McDonald’s rose the most in nine months after activist investor Bill Ackman said the world’s largest restaurant chain could be managed better, fuelling speculation that he’ll buy a stake and push for changes.
Ackman, whose Pershing Square Capital Management hedge fund was the second-largest investor in Burger King Worldwide, said today that McDonald’s could learn from its smaller rival. He declined to comment on whether he was taking a stake in McDonald’s.
“If McDonald’s were run like Burger King, the stock would go up a lot,” Ackman said in an interview on Bloomberg Television.
McDonald’s advanced 2.7 per cent to $91.09 at 12:32 p.m. in New York and earlier climbed as much as 3.6 per cent for the biggest intraday gain since 11 March. Oak Brook, Illinois-based McDonald’s had fallen 8.6 per cent this year through yesterday.
McDonald’s welcomes investment in the company and is focused on boosting shareholder value by improving its menu and service while creating a “more nimble US organization,” Becca Hary, a spokeswoman, said today in an e-mail. She declined to comment on whether McDonald’s had heard from Ackman.
Burger King completed its acquisition of Canadian coffee-shop chain Tim Hortons this month, becoming the world’s third-largest fast-food company and changing its name to Restaurant Brands International Inc.
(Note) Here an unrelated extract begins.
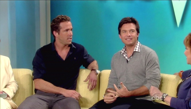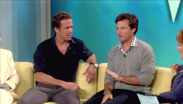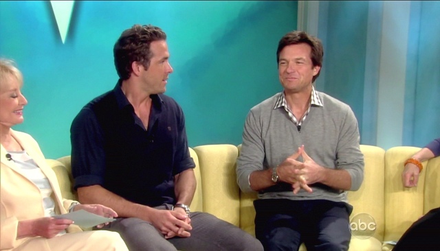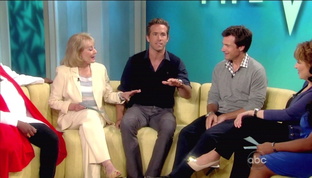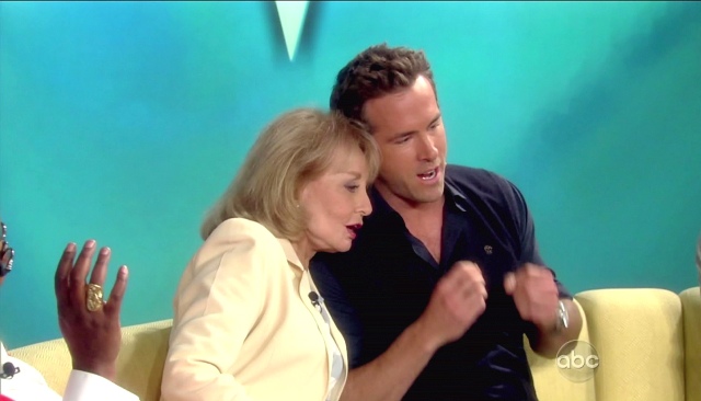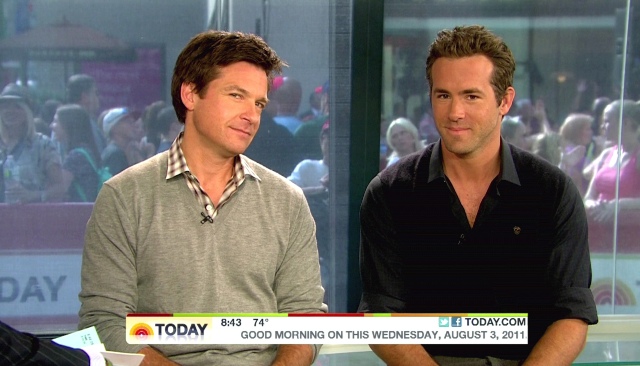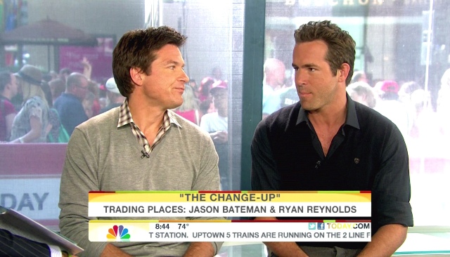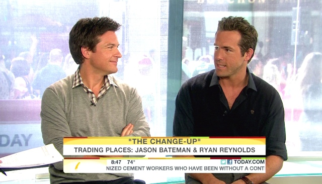 All this of course just as Ryan is back in theatres with Jason Bateman this weekend in The Change-up. The reviews are terrible. And it’s going up against Rise of the Planet of the Apes which is, surprisingly, getting really good reviews. Have you seen the promo below though? I can’t help it. They’re really cute together. I like it when they take a shot at the competition. And of course when they talk about grandma. Just me or is Ryan is really, really tanned in that white suit?

Ackman said that the company’s new name signals it is building a restaurant conglomerate that may make more acquisitions.
Since being purchased by Brazilian private-equity firm 3G Capital in a $4 billion leveraged buyout in 2010, Burger King has sold off all but a handful of its company-owned restaurants to reduce costs. There are about 13,900 Burger King restaurants worldwide, and more than 99 per cent are franchised. By contrast, about 90 per cent of McDonald’s 14,200 US locations are franchised.
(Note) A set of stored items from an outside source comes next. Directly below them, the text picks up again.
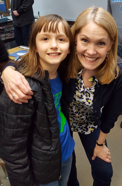 Molly was chosen by her class to be on the Student Leadership Team, so she had to be there early to help pass out brochures to families as they arrived.
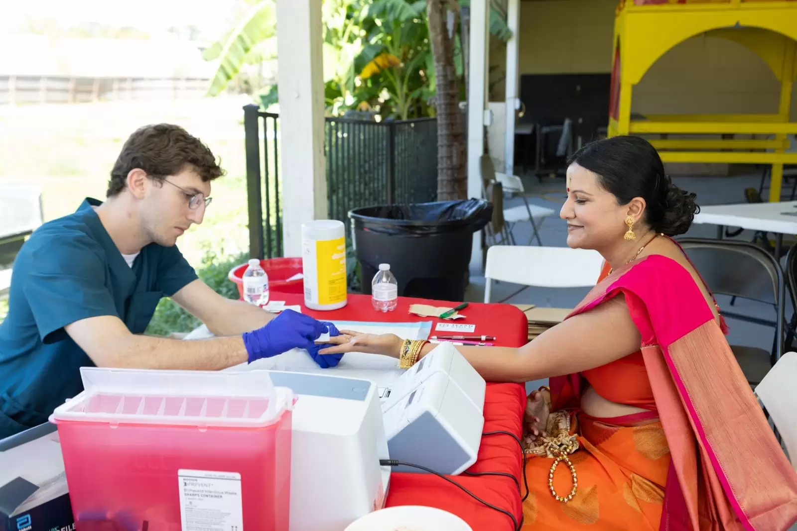 What set this year’s celebration apart was the addition of a free medical camp. The camp offered basic health checkups—including dental screenings, blood pressure and lung capacity checks, blood tests, B12 injections, and other consultations. It was designed to serve uninsured or underserved community members, as well as visiting parents from India who may hesitate to seek medical care but feel at ease at cultural gatherings. Many were gently encouraged to stop by the camp for a quick five-minute checkup before returning to the familiar buzz of the festivities.
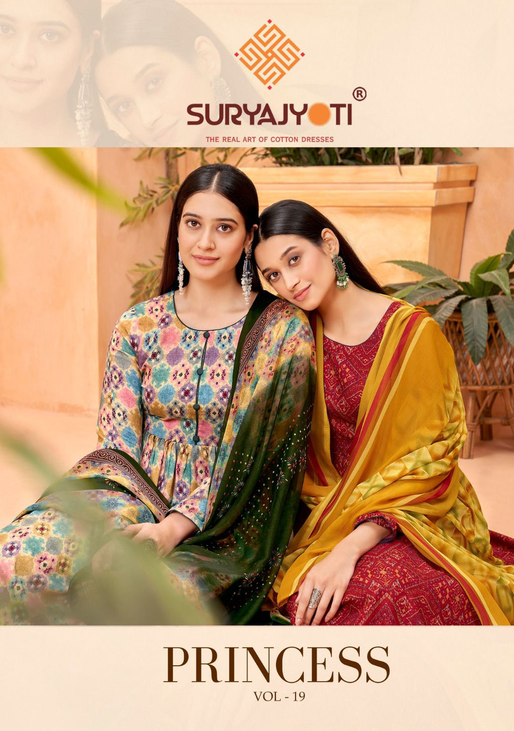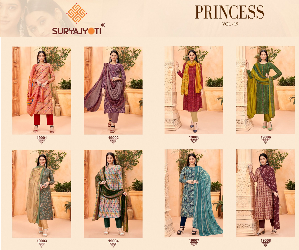 Fabric- TOP:- RAYON PRINT BOTTOM:- SOLID COTTON DUPATTA:- NAZMEEN PRINT CUT:- 2.5-2.5-2.25 |
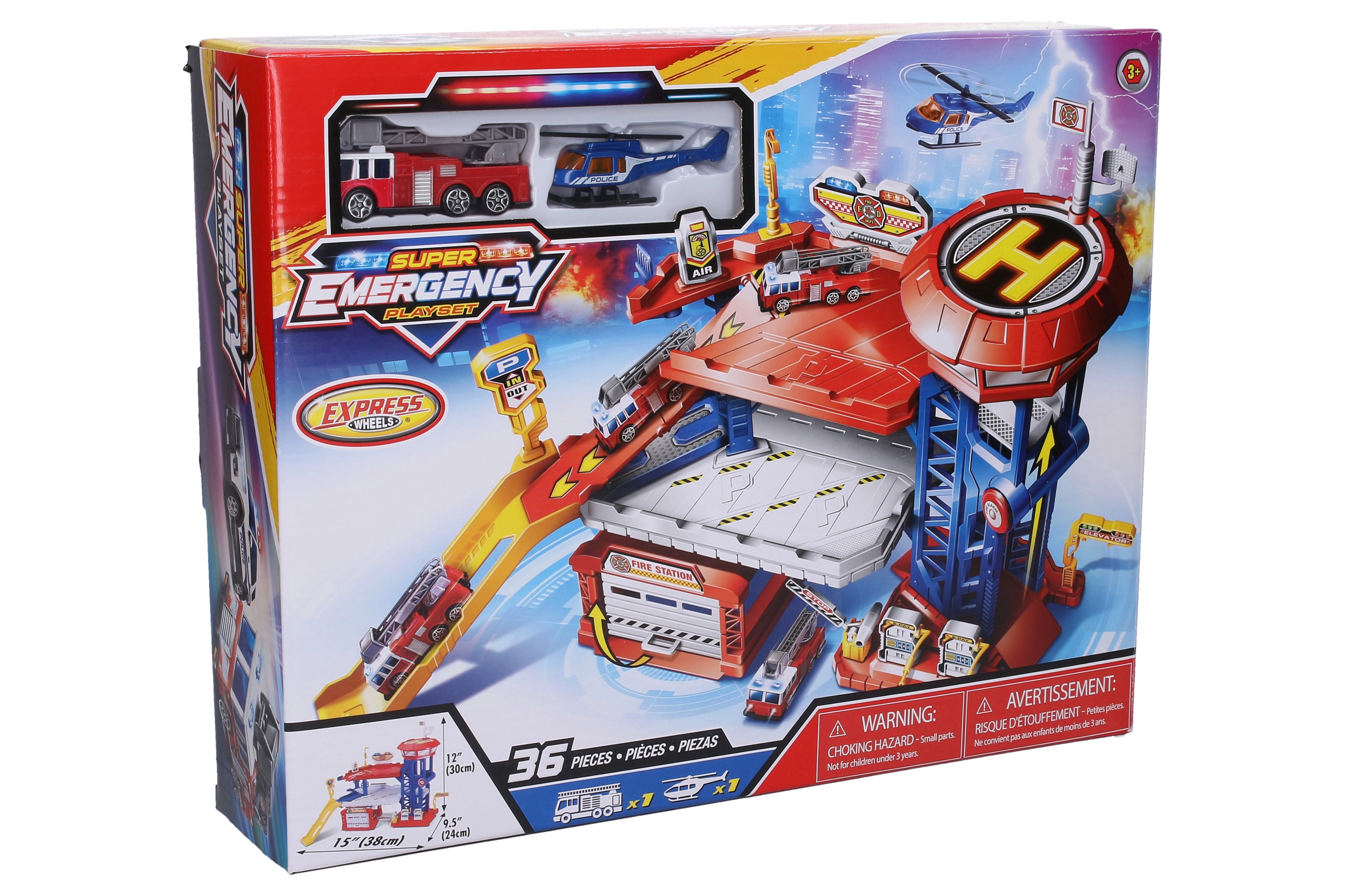 Baue deine eigene Feuerwache und ab in den Einsatz! Diese detailreiche Station mit Garage hat 2 Etagen, einen funktionierenden Aufzug und Auffahrten für schnelle Abfahrten. Dank der klappbaren Tore ist das Einsatzfahrzeug sofort startklar, während der Hubschrauber vom Dach aus startet.
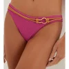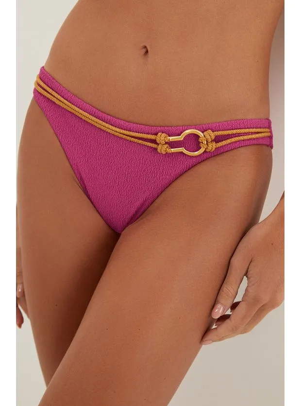 A calcinha de biquíni rosa tem a modelagem Brasil. Pode ser usada mais alta ou mais baixa.
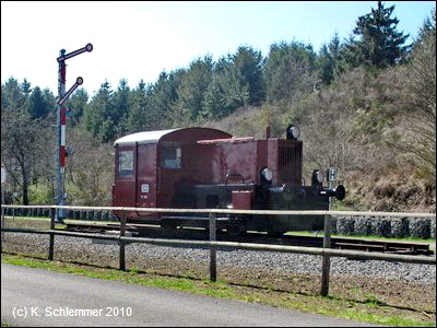 Der Bahnhof Schalkenmehren taucht auf. Auf dem Bahnhofsgelände befinden sich einige Eisenbahnrelikte.
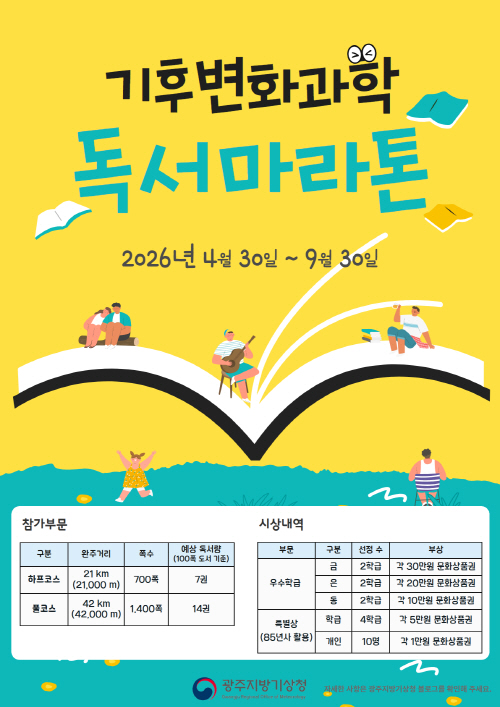 광주지방기상청은 미래 세대의 주역인 초등학생들이 독서를 통해 기후위기를 이해할 수 있도록 9월30일까지 ‘2026 기후변화과학 독서마라톤’을 개최한다

Burger King more recently promoted value deals such as 10 packs of chicken nuggets for $1.49 and brought back customer favourites like chicken fries to lure American diners. The moves helped the company post a 3.6 per cent gain in US and Canadian same-store sales in the third quarter. McDonald’s had a 3.3 per cent drop in US same-store sales in the same period.
“There are some costs that could be taken out, but the real key is going to be driving same-store sales,” Jack Russo, an analyst at Edward Jones & Co. in St. Louis, said today in an interview. “When you see Burger King and Wendy’s up 1 to 2 per cent and McDonald’s in the US is down, it begs the question: What’s going on there?”
Russo, who recommends buying McDonald’s shares, said that while it’s difficult to know whether Ackman is taking a stake, his comments will spark speculation that he is.